As organizations mature in their data journey, deep analytics work is de-prioritized in favor of data science/ML as the latter is seen as the logical evolution in the data journey. There is so much data ROI left on the table when making this choice - so in this post, I want to outline key markers for an analytics practice.
Step 1 naturally starts with metric definitions and reporting. Usually, this step is coupled with default ways to cut or “breakout” the metric. If the metric is conversion rate of signups to customers, you want to cut it by signup channels. The breadth and depth to which metrics can be cut, sliced and diced is such a strong predictor of a data-centric culture that the richness of available segments is a key evolutionary step 2.
As an example for a consumer facing organization, if you are measuring retention on the user entity, you need to not only analyze segment variations across the source channels but model user attributes like their product or consumption experience, their operational experience, their usage of promotions, their demographics, and qualitative feedback data. These will provide directly actionable tactics or indirect insights to shape product strategy. Similarly, there is a rich set of account and usage attributes to analyze metrics within a B2B product company. In fact, any domain across any industry has its own rich tapestry of entities, metrics and attributes (which represent segments).
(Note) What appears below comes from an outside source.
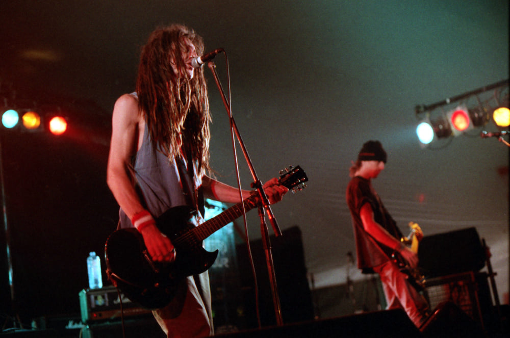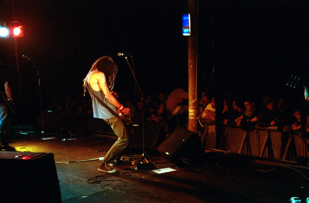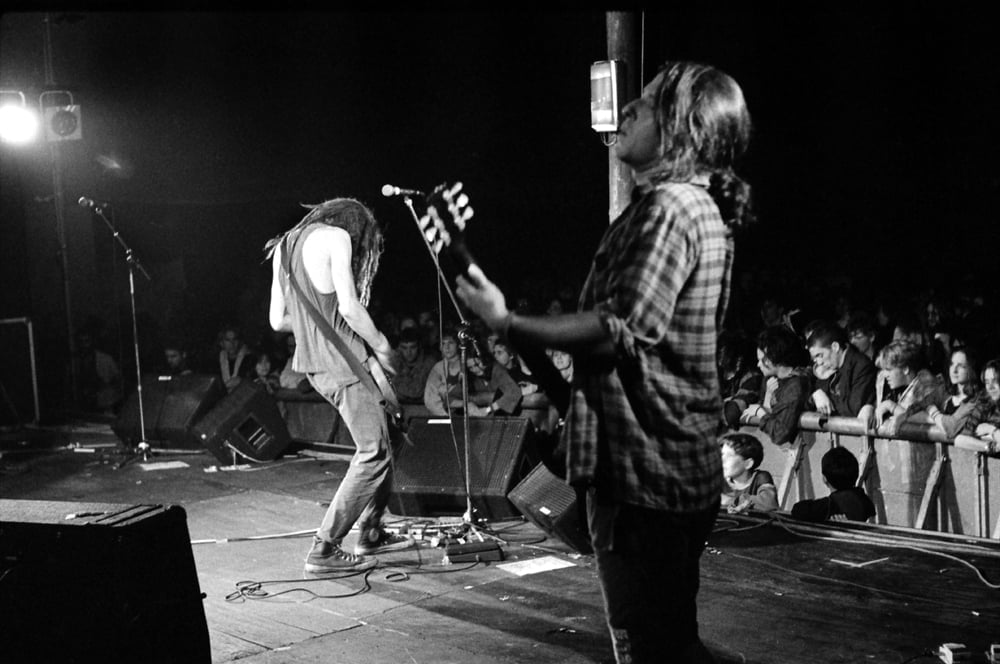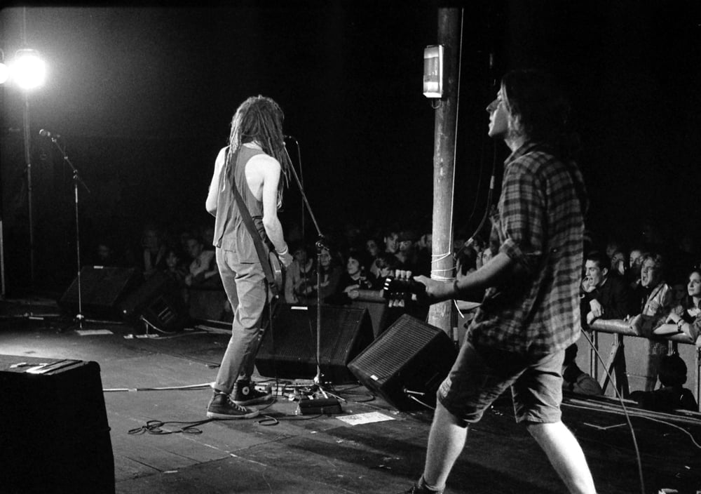 13 August 1994: Wiz and Gerry, photographed by Jenny Carruthers, of Mega City Four at the Abbey Park Festival. Source: Abbey Park Festival Archive

When metrics are accompanied by a rich understanding of distributions and entity segments, you are in step 2 of the analytics journey. In all the recent buzz around metrics layers, metric stores, and so on, the attributes that represent various entity segments has not been given its due.
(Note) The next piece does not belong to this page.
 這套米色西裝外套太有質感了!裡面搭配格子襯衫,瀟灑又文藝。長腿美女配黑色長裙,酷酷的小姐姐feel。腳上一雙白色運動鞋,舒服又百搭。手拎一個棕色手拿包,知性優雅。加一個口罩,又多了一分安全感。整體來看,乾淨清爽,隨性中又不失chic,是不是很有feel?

Step 3 of the journey is your ability to understand relationships between multiple metrics, and building on step 2, the relationship between segments and multiple metrics. Without this, you will be faced with metrics bloat and sprawl, and struggle to see the forest for the trees. You may end up in the classic “analysis paralysis” state that business leaders are wont to quote in meetings. In this phase, you “reduce” metrics complexity. Then, finally the evolutionary journey culminates when you consistently seek the holy grail of causality - which interventions, and which segments causally impact the desired set of metrics. While causality is always in the background during analytics work, making it an explicit part of the work and dialogue is the hallmark of a data-centric organization.
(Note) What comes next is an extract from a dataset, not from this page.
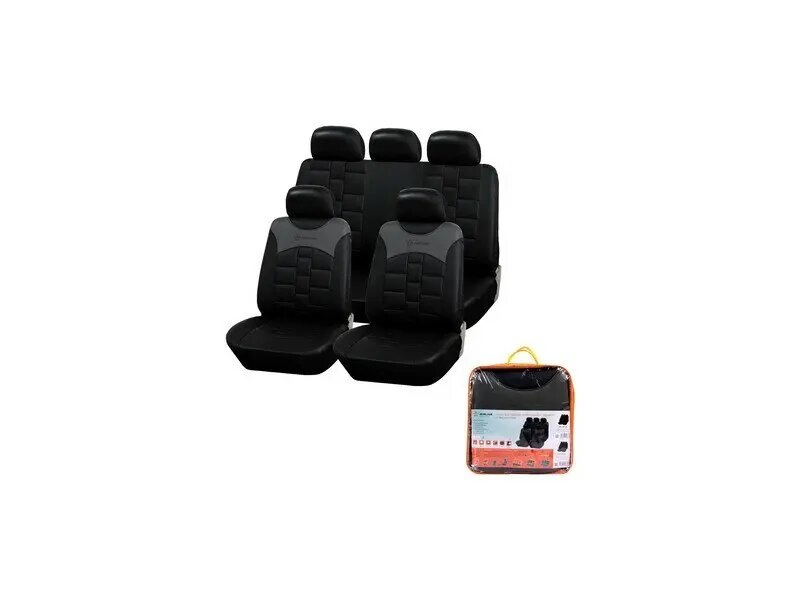 Предназначены для защиты штатной обивки сидений от механических повреждений, загрязнения и выцветания, а так же преображают внешний вид салона. Чехлы имеют универсальный размер и подходят на сиденья большинства легковых автомобилей. Модель сшита из износостойкой, высококачественной искусственной ПВХ кожи в сочетании с тянущимся гладким полиэстером, который обеспечивает хорошее прилегание к сиденьям. Чехлы имеют специальный ослабленный шов в месте расположения подушки безопасности для ее беспрепятственного открытия. Для облегчения монтажа подголовников в местах их крепления предусмотрены открывающиеся липучки.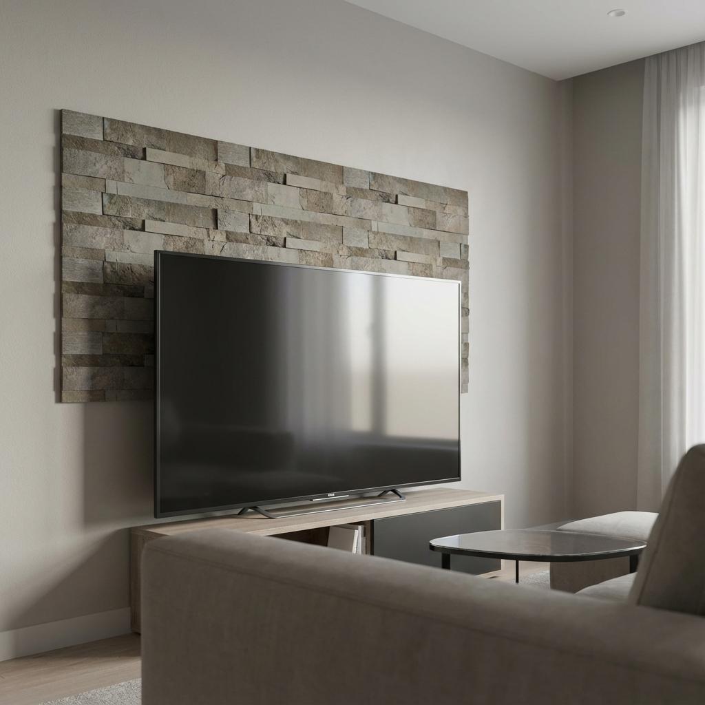 Stone Cladding constructed with PVC core and 3D Stone, finished in matte Multi-colour. Delivers a textured modern look suitable for accent walls.

The reality today is most organizations first build a set of key reports with default segments and either stagnate or they end up creating a sprawl of metric and attribute cuts drowning the organization in noise. The next step in this journey is not automatically machine learning - there is so much data ROI on the table if you invest in rich segmentation, deeply understand the connections between metrics, and explore underlying causality.
The big picture is in the little details.